Here’s something interesting: the Detroit Symphony Orchestra’s Chief Operating Officer, Patricia Walker, talking (back in July, I’m guessing) about the importance of getting everybody on board when implementing organizational change.

Now, 20/20 hindsight and all that, certainly. Still, mentally replace every instance of the word “change” with “a salary cut of a third and a pension freeze” and it turns into a masterpiece of deadpan comedy.

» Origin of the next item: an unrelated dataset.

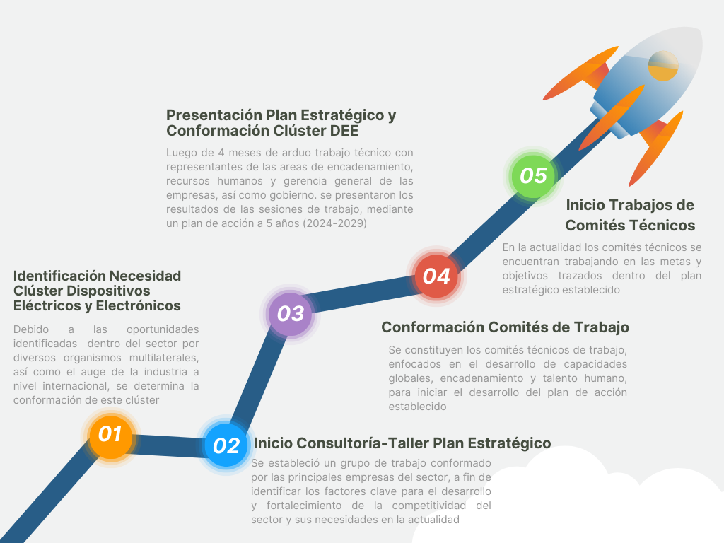 El 14 de julio de 2023, en el marco de la creación del Clúster de Dispositivos Eléctricos y Electrónicos, las empresas miembro del Clúster, así como los representantes de operadoras de parques de zonas francas, se dieron cita al primer encuentro formal de esta agrupación, con la finalidad de conocer la dinámica general de los Clústeres de ADOZONA, así como los próximos pasos para determinar la agenda a ser agotada por el clúster y la elaboración de su plan estratégico para los próximos 5 años. |

The Detroit Symphony owes much of its prestige to half of the auto-building Dodge brothers, John and Horace. It was Horace, the more mechanically-inclined of the two—and a decent enough amateur musician, by all accounts—that elevated the DSO into a first-class ensemble by making a hefty contribution to the group when Ossip Gabrilowitsch was hired as music director, and leading the fund-raising for Orchestra Hall, which Gabrilowitsch had stipulated as a condition of his accepting the job.

The Symphony was what finally smoothed the way into Detroit high society for Horace. Prior to that, the brothers were repeatedly blackballed—they were hard-drinking brawlers who didn’t much care what other people thought of them. (Their first major success was in manufacturing parts for Henry Ford’s assembly line. John Dodge was asked why the brothers abandoned that lucrative work to make their own cars. “Think of all those Ford owners who will someday want an automobile,” he snarked.) By the time the brothers suddenly died in 1920—both from complications of the influenza then raging world-wide, although Horace’s condition was precipitously undermined by John’s death—such was their renown that none other than Victor Herbert paid tribute with “The Dodge Brothers March.” The Dodge Brothers company distributed both the sheet music and, according to one source, 100,000 recordings of the piece.

It’s a lot of fun, actually. Here’s the first couple of strains:

The brothers may have maintained their salt-of-the-earth ways, but they still spent money like water. Horace Dodge had a particular penchant for yachts; his final commissioned vessel, the Delphine, was big enough to be appropriated as a flagship during World War II. The Delphine was restored a few years back and is currently for sale. The asking price? 38 million Euros.


  1. I love the March, and the history behind it. This is such a typical success story of the early part of the 20th century that it sounds almost like hackneyed fiction. Incidentally, does anybody have one of those 100,000 records of the March? I'd sure love to hear one!

  2. Actually the Horace Dodge you mention who spent all the money on yachts was a rascal son of the Horace Dodge of Dodge Brothers auto fame.